From the "Smokin" cookbook Makes about 1 1/2 cups, may be doubled easily for a large crowd. This recipe is to be made using a stove top smoker.
Provided by TxGriffLover
Categories Trout
Time 40m
Yield 1 1/2 cups, 4 serving(s)
Number Of Ingredients 7
Steps:
- Smoke the trout according to the recipe Stove Top Smoker Smoked Whole Trout. (See related recipe).
- Cool to room temperature.
- Pick over the trout fillet, removing any fine bones or pieces of skin but leaving the trout in the largest pieces possible.
- Stir the trout, cream cheese, scallions, lemon juice, 1/2 teaspoon salt and 1/4 teaspoon pepper together gently in a mixing bowl until blended, leaving the trout in smallish pieces. (For an even chunkier spread, beat all the ingredients except the trout together, then gently fold in the trout)

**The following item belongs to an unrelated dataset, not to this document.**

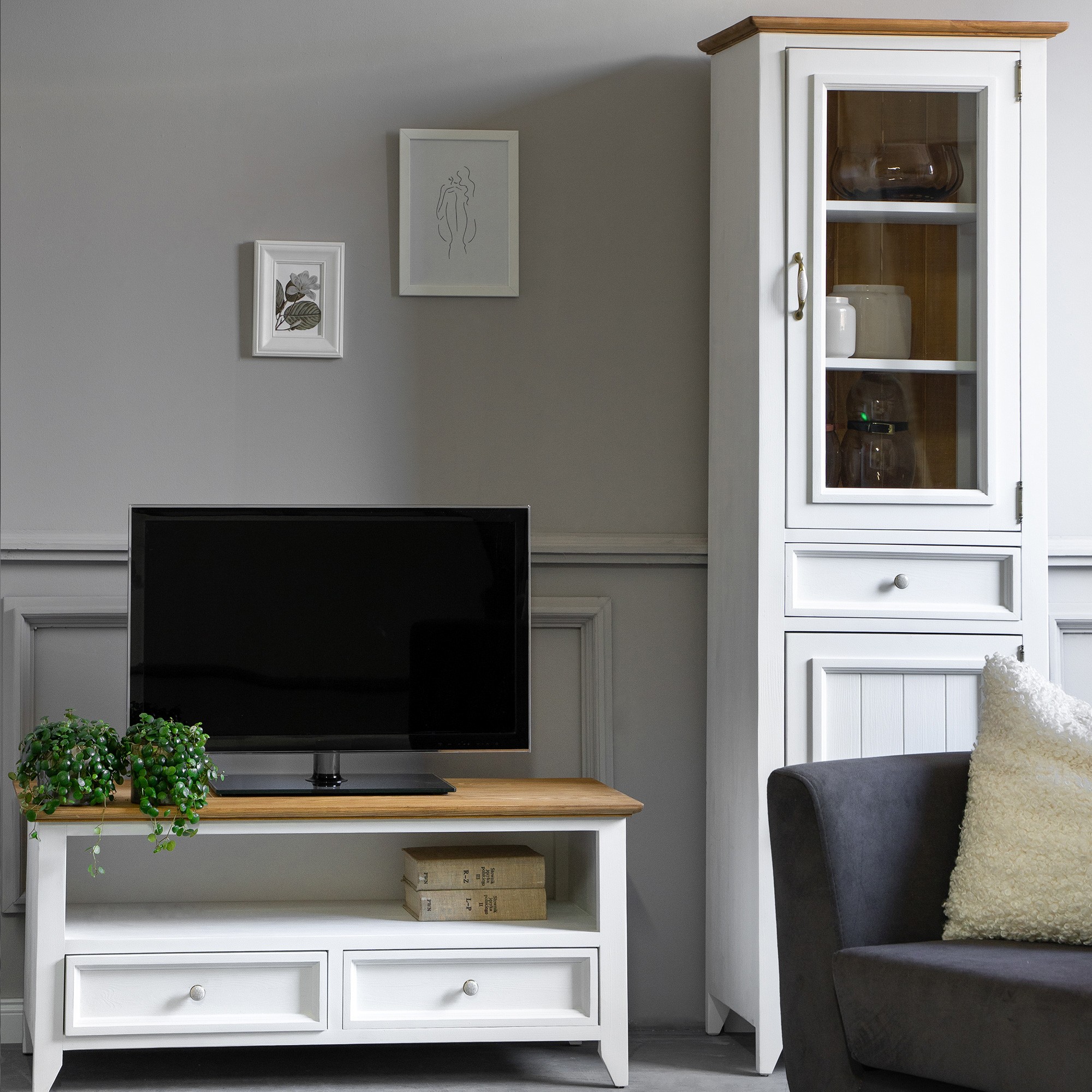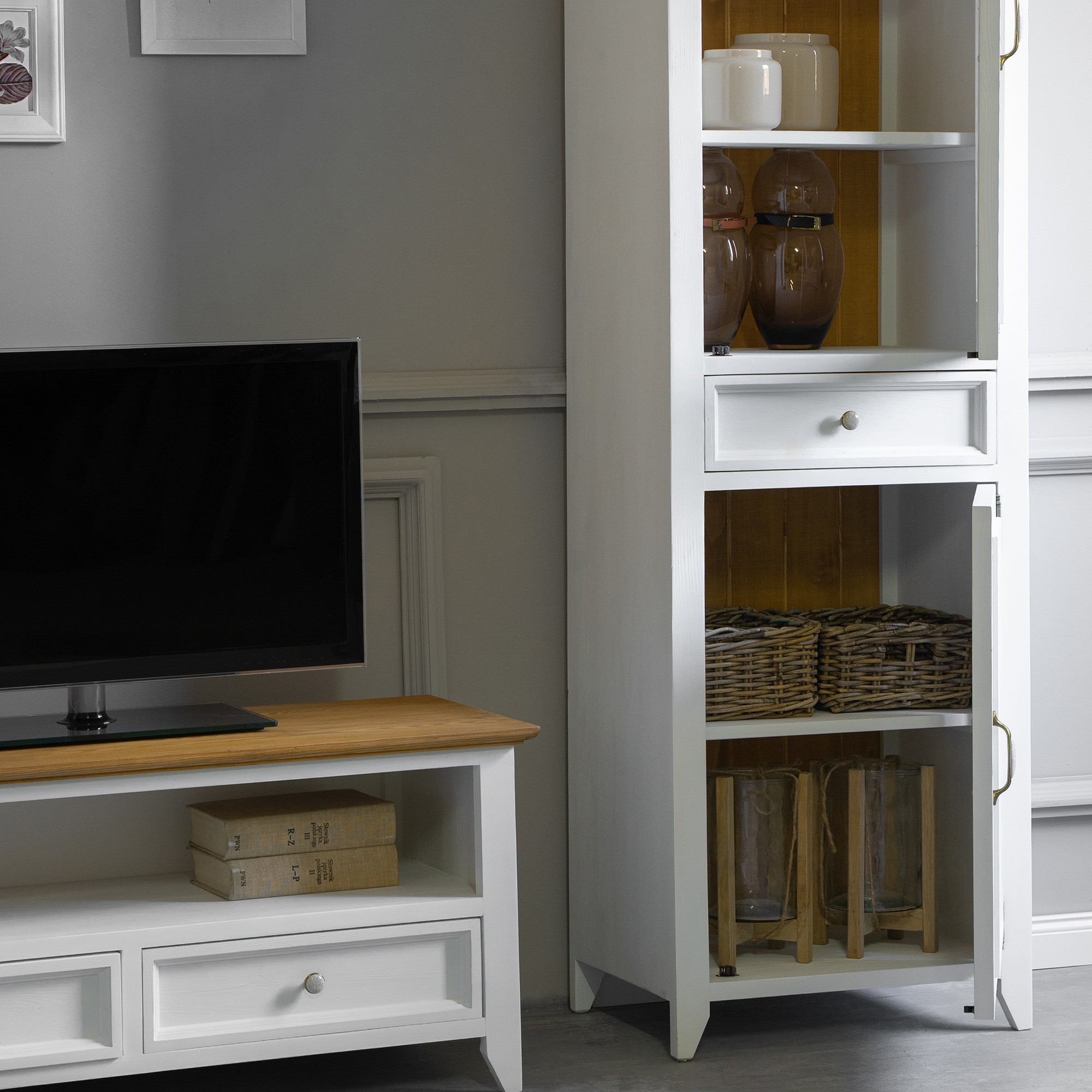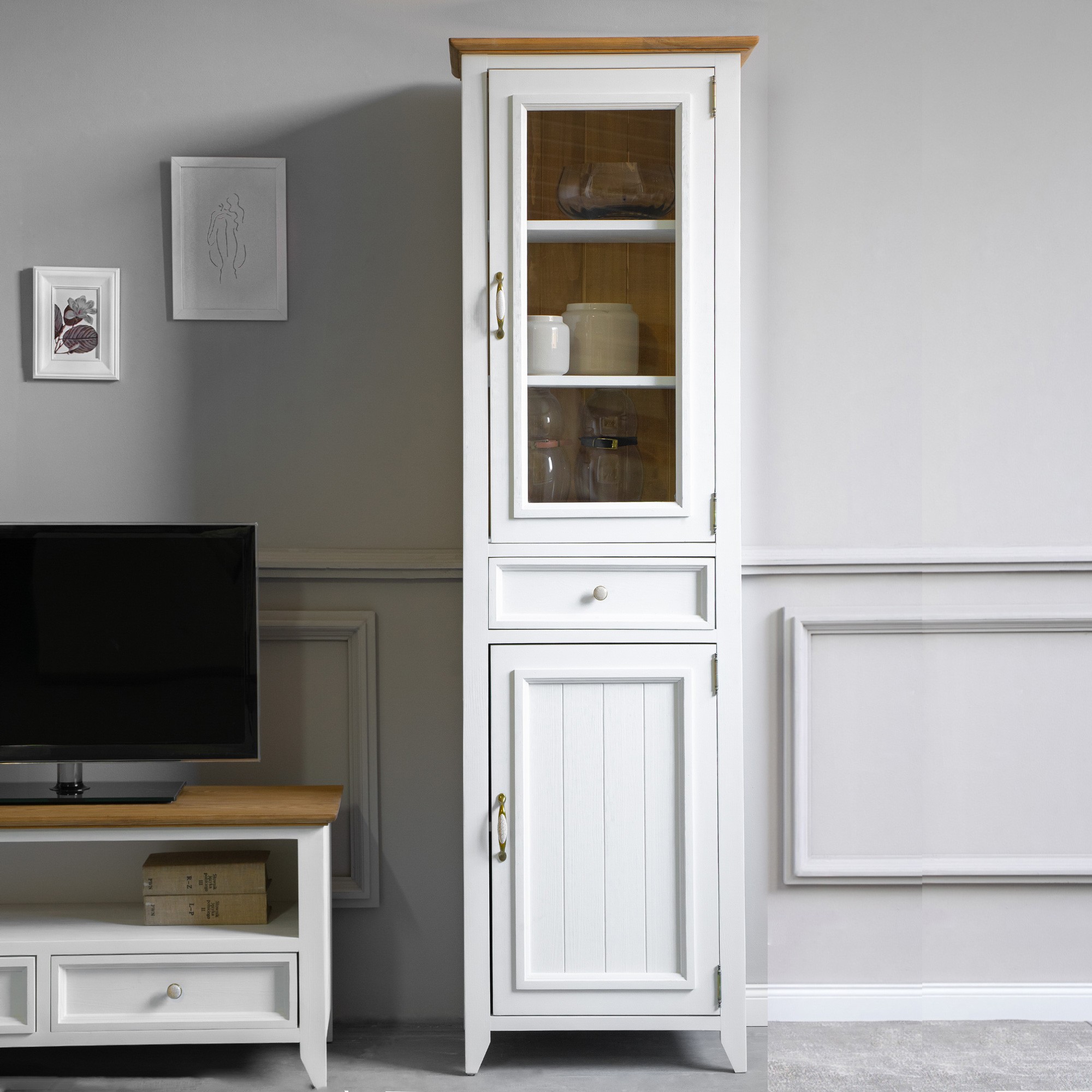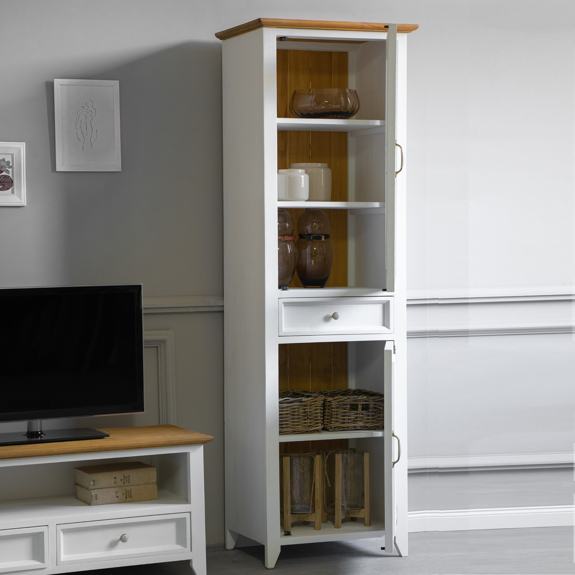 Attraktives Aussehen, Naturprodukt und französischer Wohnstil. Das sind die Eigenschaften, die die weiße Vitrine aus der Kollektion Lille auszeichnen. Die Vitrine, die für Esszimmer oder auch Arbeitszimmer vorgesehen ist, verfügt über einen verglasten und einen festen Türteil. In jedem Innenbereich befindet sich zusätzlich ein Regal für weiteren Stauraum. In der Mittelzone ist eine Schublade. Stellen Sie sich den Duft von frischem Gebäck vor, der Ihr Esszimmer, ausgestattet mit Möbeln aus der Kollektion Lille, erfüllt und tanken Sie täglich die Energie der ländlichen Atmosphäre. Erweitern Sie Ihr Interieur mit diesem attraktiven Stück und erleben Sie täglich die Kraft natürlichen Mobiliars. Die Ökologie des Naturprodukts und die Harmonie des wunderschönen Designs sind Eigenschaften, die wir bei der Herstellung des Buffets LILLE vereint haben.

- Taste and stir in a little more salt and/or pepper if you like.
- The spread may be made up to two days in advance and stored, covered in the refrigerator.
- Bring to room temperature and sprinkle the chives over the top before serving.
- If you're making canapes or stuffing celery with the spread, sprinkle a little of the chives over each.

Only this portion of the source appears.